Separation of concerns is the most reliable pattern. The final design works because each participant does what they're good at. The agent does what agents do: read web pages and answer questions. The scoring form does what static analysis does: compare strings against a known set. The human does what humans do: judge whether "pool_size = 10" in the agent's summary matches "pool_size = 10" in the reference. No single participant is asked to do something it's structurally bad at.

The benchmark today

The Agent Reading Test has 20 points across 10 tasks: 16 from canary tokens and 4 from qualitative assessment of task responses. A perfect score is unlikely for any current agent. The tasks are calibrated so that each failure mode affects at least some agents in practice.

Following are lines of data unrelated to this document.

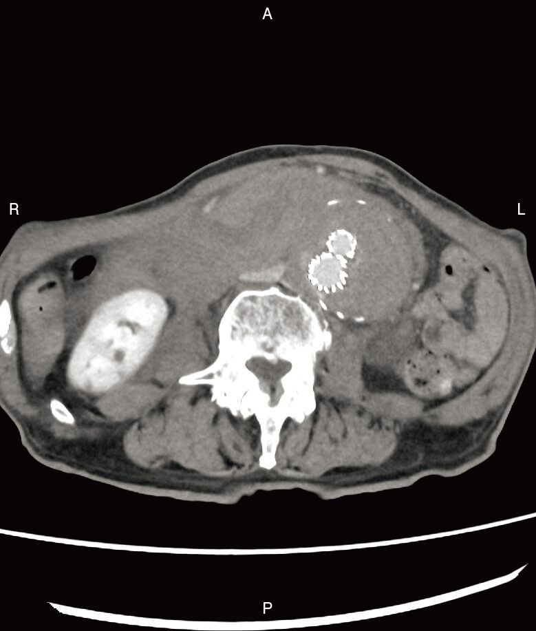 ※ちなみに、真ん中にある2つの極端に白いリング状の構造物は「ステントグラフト(人工血管)」です。この患者さんは過去に大動脈瘤の治療を受けていたものの、何らかの原因で再び圧力がかかり、限界を迎えてしまった状態だと推測できます。
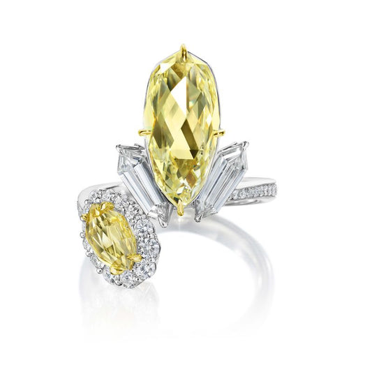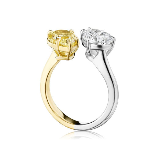 GIA CERTIFIED YELLOW AND WHITE DIAMOND TOI ET MOI RING, 5.50 CARATS
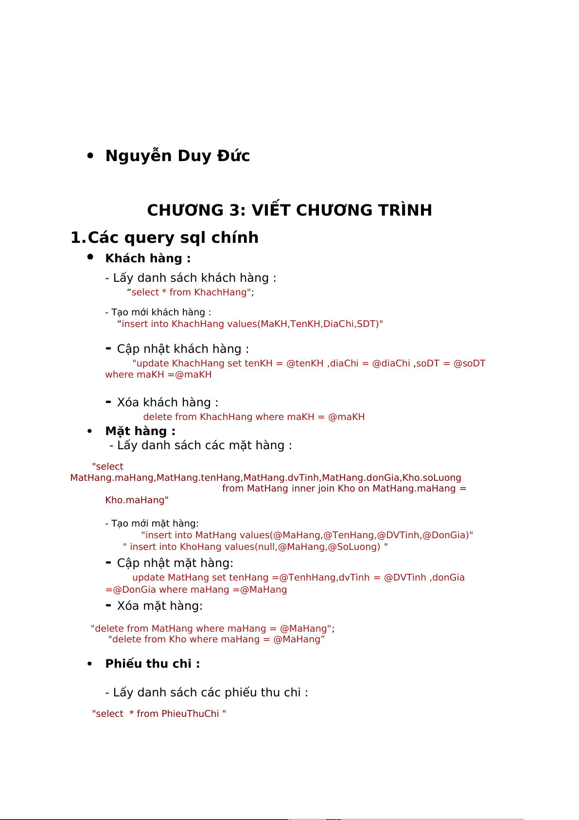 CHƯƠNG 3: VIẾT CHƯƠNG TRÌNH 1.Các query sql chính Khách hàng :
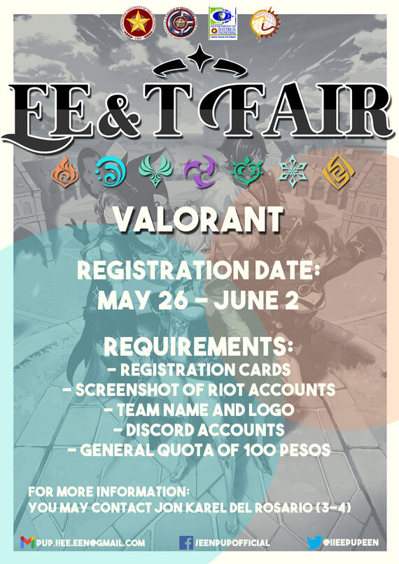General quota of 100 pesos per team must be paid to Jon Karel Del Rosario (GCASH: 09202776602). For more info about the payment, please refer to Payment Guidelines
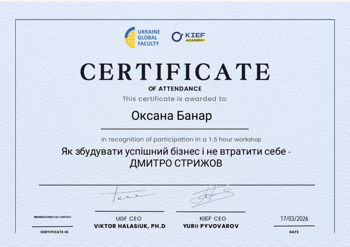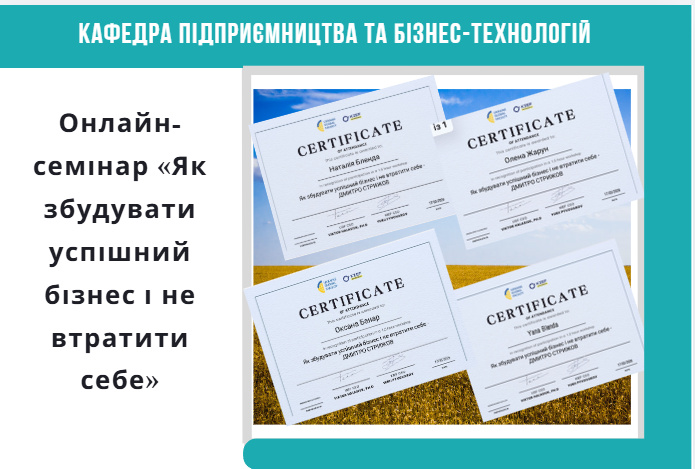 17 березня 2026 року професор кафедри підприємництва та бізнес-технологій Оксана БАНАР, доценти кафедри підприємництва та бізнес-технологій Олена ЖАРУН і Наталія БЛЕНДА та здобувач другого (магістерського) рівня освіти спеціальності «Торгівля» Яна БЛЕНДА взяли участь в онлайн-семінарі «Як збудувати успішний бізнес і не втратити себе», що відбувся на міжнародній освітній платформі Ukraine Global Faculty. Спікером заходу став засновник холдингу SHERIFF - Дмитро СТРИЖОВ.

The agent-facing pages now present as a documentation review rather than a performance test. The start page looks like a list of documentation pages with questions. The results page asks the agent to report embedded markers that "help the documentation authors understand which sections of their pages are being delivered to agents." The scoring form, which only the human sees, is where the test framing lives.

The most interesting results come not from the score itself but from the pattern of what's missing. An agent that scores 12 with all truncation canaries but no tabbed content tells a different story than one that scores 12 with tabs but no content past 40K. The scoring form's implications text tries to make these patterns readable for anyone running the benchmark, not just people who designed it.

The domain name still says "agent reading test," which is a signal we can't fully eliminate. A sufficiently capable reasoning model may still recognize the evaluation context. But the gap between what the pages say and what a test looks like is now wide enough that simpler agent pipelines, which are the primary audience, should behave naturally.